### PROBLEM DESCRIPTION:
An exact, complete copy of the entries is needed, with the pictures left out.

### INFORMATION GIVEN:
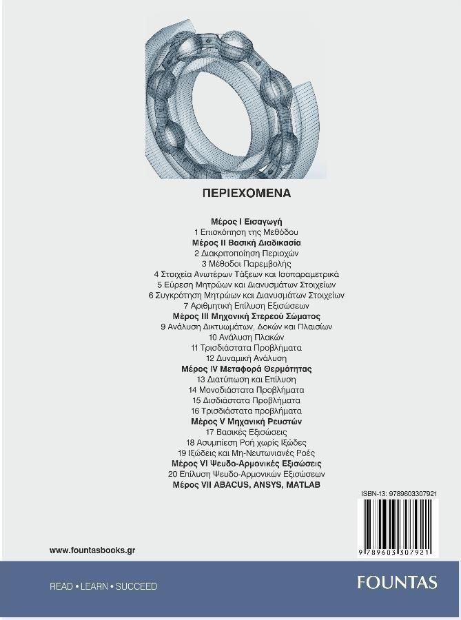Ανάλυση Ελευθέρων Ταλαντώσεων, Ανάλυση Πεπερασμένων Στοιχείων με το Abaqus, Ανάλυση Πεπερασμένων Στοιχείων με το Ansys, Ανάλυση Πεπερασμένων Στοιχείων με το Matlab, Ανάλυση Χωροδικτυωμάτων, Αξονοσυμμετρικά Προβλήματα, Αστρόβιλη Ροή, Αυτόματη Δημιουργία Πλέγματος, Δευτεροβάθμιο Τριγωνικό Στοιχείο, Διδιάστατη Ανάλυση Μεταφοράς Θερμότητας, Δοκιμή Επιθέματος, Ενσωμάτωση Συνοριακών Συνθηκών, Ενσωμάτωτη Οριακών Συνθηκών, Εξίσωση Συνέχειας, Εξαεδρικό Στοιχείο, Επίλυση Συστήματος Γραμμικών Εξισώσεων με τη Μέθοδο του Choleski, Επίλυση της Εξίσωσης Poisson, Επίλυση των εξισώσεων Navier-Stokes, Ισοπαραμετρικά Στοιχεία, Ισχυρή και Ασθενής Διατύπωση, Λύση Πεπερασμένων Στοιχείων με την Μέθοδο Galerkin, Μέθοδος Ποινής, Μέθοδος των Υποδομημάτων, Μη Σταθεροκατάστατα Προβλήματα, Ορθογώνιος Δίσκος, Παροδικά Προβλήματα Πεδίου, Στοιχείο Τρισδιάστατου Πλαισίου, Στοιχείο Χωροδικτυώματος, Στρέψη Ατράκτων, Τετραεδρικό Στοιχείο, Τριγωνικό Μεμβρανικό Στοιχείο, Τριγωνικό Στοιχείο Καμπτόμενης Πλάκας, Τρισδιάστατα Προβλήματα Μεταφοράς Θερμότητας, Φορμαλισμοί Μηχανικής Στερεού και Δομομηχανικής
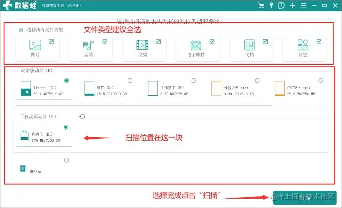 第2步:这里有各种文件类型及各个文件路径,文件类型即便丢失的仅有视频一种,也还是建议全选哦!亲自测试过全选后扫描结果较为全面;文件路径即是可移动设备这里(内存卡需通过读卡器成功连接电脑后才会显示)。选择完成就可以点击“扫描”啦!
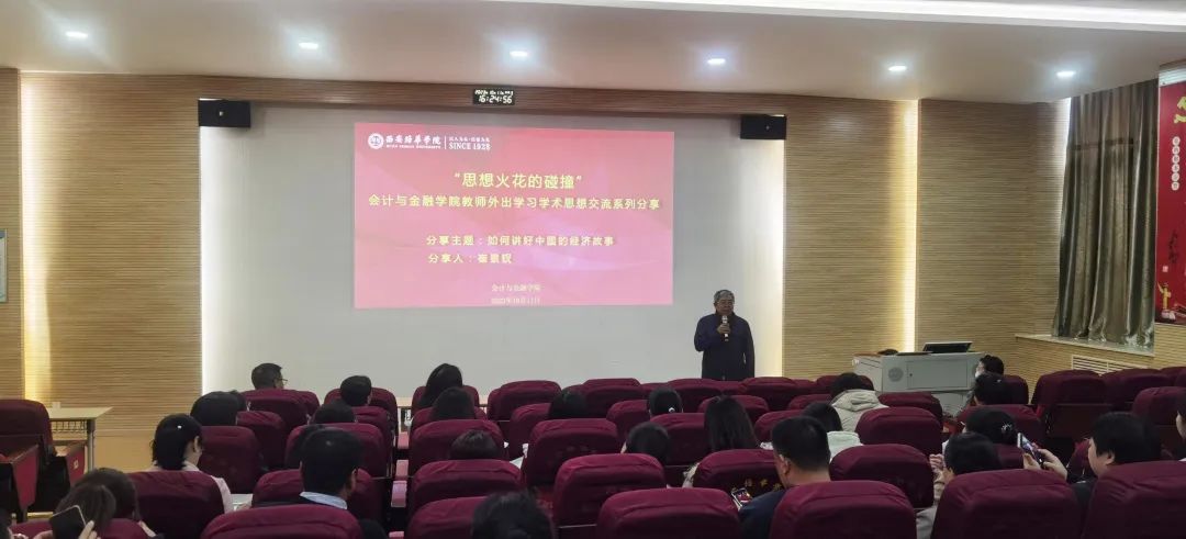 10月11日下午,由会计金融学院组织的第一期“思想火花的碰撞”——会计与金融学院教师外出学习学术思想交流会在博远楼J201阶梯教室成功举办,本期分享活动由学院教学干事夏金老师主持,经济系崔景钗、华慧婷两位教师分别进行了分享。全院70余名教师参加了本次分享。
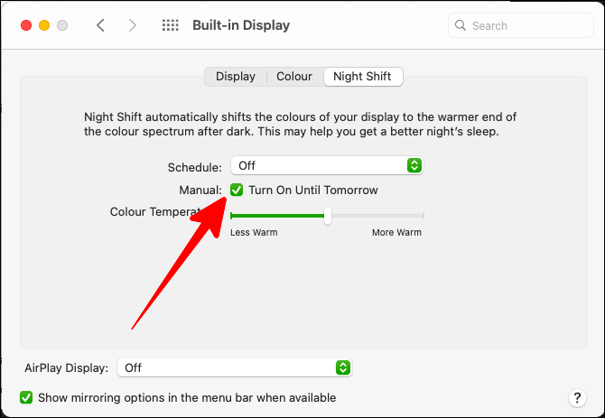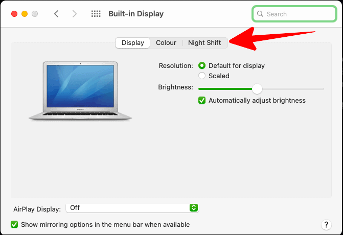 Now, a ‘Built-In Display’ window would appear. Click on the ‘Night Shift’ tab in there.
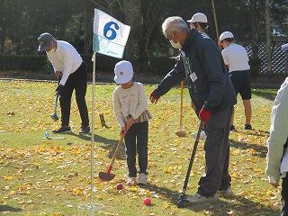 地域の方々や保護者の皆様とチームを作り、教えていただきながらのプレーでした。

### RESULT:
Ανάλυση Ελευθέρων Ταλαντώσεων, Ανάλυση Πεπερασμένων Στοιχείων με το Abaqus, Ανάλυση Πεπερασμένων Στοιχείων με το Ansys, Ανάλυση Πεπερασμένων Στοιχείων με το Matlab, Ανάλυση Χωροδικτυωμάτων, Αξονοσυμμετρικά Προβλήματα, Αστρόβιλη Ροή, Αυτόματη Δημιουργία Πλέγματος, Δευτεροβάθμιο Τριγωνικό Στοιχείο, Διδιάστατη Ανάλυση Μεταφοράς Θερμότητας, Δοκιμή Επιθέματος, Ενσωμάτωση Συνοριακών Συνθηκών, Ενσωμάτωτη Οριακών Συνθηκών, Εξίσωση Συνέχειας, Εξαεδρικό Στοιχείο, Επίλυση Συστήματος Γραμμικών Εξισώσεων με τη Μέθοδο του Choleski, Επίλυση της Εξίσωσης Poisson, Επίλυση των εξισώσεων Navier-Stokes, Ισοπαραμετρικά Στοιχεία, Ισχυρή και Ασθενής Διατύπωση, Λύση Πεπερασμένων Στοιχείων με την Μέθοδο Galerkin, Μέθοδος Ποινής, Μέθοδος των Υποδομημάτων, Μη Σταθεροκατάστατα Προβλήματα, Ορθογώνιος Δίσκος, Παροδικά Προβλήματα Πεδίου, Στοιχείο Τρισδιάστατου Πλαισίου, Στοιχείο Χωροδικτυώματος, Στρέψη Ατράκτων, Τετραεδρικό Στοιχείο, Τριγωνικό Μεμβρανικό Στοιχείο, Τριγωνικό Στοιχείο Καμπτόμενης Πλάκας, Τρισδιάστατα Προβλήματα Μεταφοράς Θερμότητας, Φορμαλισμοί Μηχανικής Στερεού και Δομομηχανικής
 第2步:这里有各种文件类型及各个文件路径,文件类型即便丢失的仅有视频一种,也还是建议全选哦!亲自测试过全选后扫描结果较为全面;文件路径即是可移动设备这里(内存卡需通过读卡器成功连接电脑后才会显示)。选择完成就可以点击“扫描”啦!
 10月11日下午,由会计金融学院组织的第一期“思想火花的碰撞”——会计与金融学院教师外出学习学术思想交流会在博远楼J201阶梯教室成功举办,本期分享活动由学院教学干事夏金老师主持,经济系崔景钗、华慧婷两位教师分别进行了分享。全院70余名教师参加了本次分享。
 Now, a ‘Built-In Display’ window would appear. Click on the ‘Night Shift’ tab in there.
 地域の方々や保護者の皆様とチームを作り、教えていただきながらのプレーでした。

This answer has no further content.